Self Directed Pensions

A self directed pension allows the beneficiary of the pension to take complete control of his/her pension investment decisions. The pension provider will still provide the pension structure (personal or executive pension) but the pension beneficiary takes the diver's seat, in terms of investment decisions.

The self directed option allows the pension investor to create a tailored investment portfolio. As well as the providers standard pension funds, there is opportunity to buy equities direct, buy property within the pension fund and to access some private investment schemes that may be offered exclusively to members of self directed pensions.

Direct Equity Investment

There will be a facility for making direct equity investments by using an appointed stockbroker. The services chosen from the stockbroker can be "execution only" (buy and sell only - no advice) or "discretionary" (trade on your behalf after agreeing an investment strategy) or, "advisory" (will help decide on stock selections). To access such levels of investment control, there will be additional charges applied to your pension account.

A pension investor may wish to do their own research on stocks, or use their own financial advisor to assist with developing investment strategies and then use the stockbroker on an execution basis only.

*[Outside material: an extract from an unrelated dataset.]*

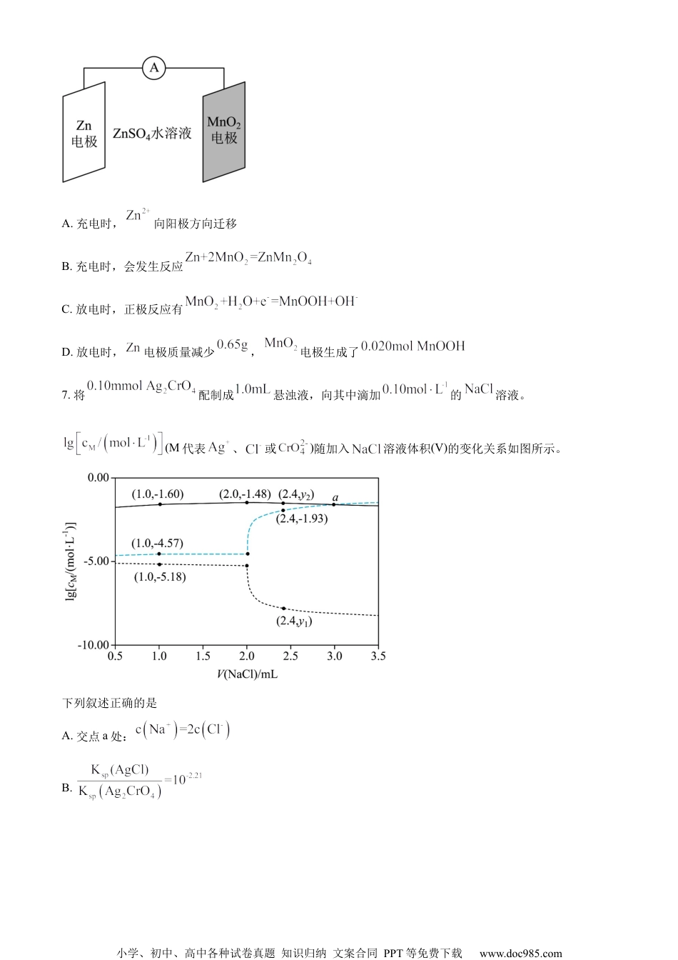 小学、初中、高中各种试卷真题知识归纳文案合同PPT等免费下载www.doc985.com2024年普通高等学校招生全国统一考试(甲卷)理科综合能力测试注意事项:1.答卷前,考生务必将自己的姓名、准考证号填写在答题卡上,并将自己的姓名、准考证号、座位号填写在本试卷上。2.回答选择题时,选出每小题答案后,用2B铅笔把答题卡上对应题目的答案标号涂黑;如需改动,用橡皮擦干净后,再选涂其他答案标号。涂写在本试卷上无效。3.作答非选择题时,将答案书写在答题卡上,书写在本试卷上无效。4.考试结束后,将本试卷和答题卡一并交回。可能用到的相对原子质量:一、选择题:本题共13小题,每小题6分,共78分。在每小题给出的四个选项中,只有一项是符合题目要求的。1.人类对能源的利用经历了柴薪、煤炭和石油时期,现正向新能源方向高质量发展。下列有关能源的叙述错误的是A.木材与煤均含有碳元素B.石油裂化可生产汽油C.燃料电池将热能转化为电能D.太阳能光解水可制氢2.下列过程对应的离子方程式正确的是A.用氢氟酸刻蚀玻璃:B.用三氯化铁溶液刻制覆铜电路板:C.用硫代硫酸钠溶液脱氯:D.用碳酸钠溶液浸泡锅炉水垢中的硫酸钙:3.我国化学工作者开发了一种回收利用聚乳酸(PLA)高分子材料的方法,其转化路线如下所示。下列叙述错误的是A.PLA在碱性条件下可发生降解反应小学、初中、高中各种试卷真题知识归纳文案合同PPT等免费下载www.doc985.comB.MP的化学名称是丙酸甲酯C.MP的同分异构体中含羧基的有3种D.MMA可加聚生成高分子4.四瓶无色溶液,它们之间的反应关系如图所示。其中a、b、c、d代表四种溶液,e和g为无色气体,f为白色沉淀。下列叙述正确的是A.a呈弱碱性B.f可溶于过量的b中C.c中通入过量的e可得到无色溶液D.b和d反应生成的沉淀不溶于稀硝酸5.W、X、Y、Z为原子序数依次增大的短周期元素。W和X原子序数之和等于的核外电子数,化合物可用作化学电源的电解质。下列叙述正确的是A.X和Z属于同一主族B.非属性:C.气态氢化物的稳定性:D.原子半径:6.科学家使用研制了一种可充电电池(如图所示)。电池工作一段时间后,电极上检测到和少量。下列叙述正确的是小学、初中、高中各种试卷真题知识归纳文案合同PPT等免费下载www.doc985.comA.充电时,向阳极方向迁移B.充电时,会发生反应C.放电时,正极反应有D.放电时,电极质量减少,电极生成了7.将配制成悬浊液,向其中滴加的溶液。(M代表、或)随加入溶液体积(V)的变化关系如图所示。下列叙述正确的是A.交点a处:B.小学、初中、高中各种试卷真题知识归纳文案合同PPT等免费下载www.doc985.comC.时,不变D.8.钴在新能源、新材料领域具有重要用途。某炼锌废渣含有锌、铅、铜、铁、钴、锰的价氧化物及锌和铜的单质。从该废渣中提取钴的一种流程如下。注:加沉淀剂使一种金属离子浓度小于等于,其他金属离子不沉淀,即认为完全分离。已知:①。②以氢氧化物形式沉淀时,和溶液的关系如图所示。回答下列问题:(1)“酸浸”前,需将废渣磨碎,其目的是_____。(2)“酸浸”步骤中,发生反应的化学方程式是_____。(3)假设“沉铜”后得到的滤液中和均为,向其中加入至沉淀完全,此时溶液中_____,据此判断能否实现和的完全分离_____(填“能”或“不能”)。小学、初中、高中各种试卷真题知识归纳文案合同PPT等免费下载www.doc985.com(4)“沉锰”步骤中,生成,产生的物质的量为_____。(5)“沉淀”步骤中,用调,分离出的滤渣是_____。(6)“沉钴”步骤中,控制溶液,加入适量的氧化,其反应的离子方程式为_____。(7)根据题中给出的信息,从“沉钴”后的滤液中回收氢氧化锌的方法是_____。9.(俗称过氧化脲)是一种消毒剂,实验室中可用尿素与过氧化氢制取,反应方程式如下:(一)过氧化脲的合成烧杯中分别加入、蒸馏水和尿素,搅拌溶解。下反应,冷却结晶、过滤、干燥,得白色针状晶体。(二)过氧化脲性质检测I.过氧化脲溶液用稀酸化后,滴加溶液,紫红色消失。Ⅱ.过氧化脲溶液用稀酸化后,加入溶液和四氯化碳,振荡,静置。(三)产品纯度测定溶液配制:称取一定量产品,用蒸馏水溶解后配制成溶液。滴定分析:量取过氧化脲溶液至锥形瓶中,加入一定量稀...
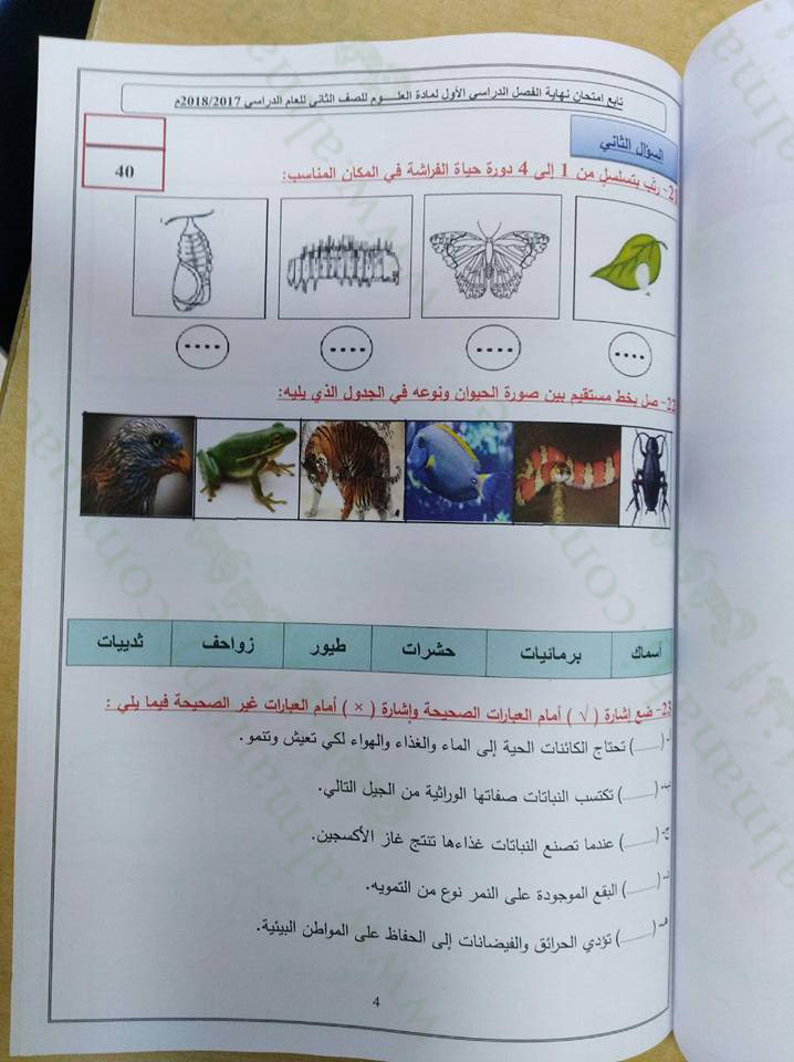الصف الثاني, الفصل الأول, علوم, 2017-2018, اسئلة الامتحان الوزاري الرسمي لنهاية الفصل الاول

In order be financially efficient, the beneficiary would be expected to be making large annual contributions or have a large accumulated pension fund.

Property For Pension

Self Directed pensions, also allow for pension investment in individual property units. This is one of the attractions of self directed pension plans. The pension investor chooses the property with his/her advisors. The next step for the pension investor is to inform the pension provider that they want their pension to invest in the chosen property. There are a number of revenue rules which the property will need to pass, but most investment properties will fit the revenue requirements.

The pension will need to borrow the required funds through a mortgage. There are certain rules on such mortgages, they will need to be annuity mortgages and the maximum term will be 15 years. Maximum loan to value ratios will be 75%.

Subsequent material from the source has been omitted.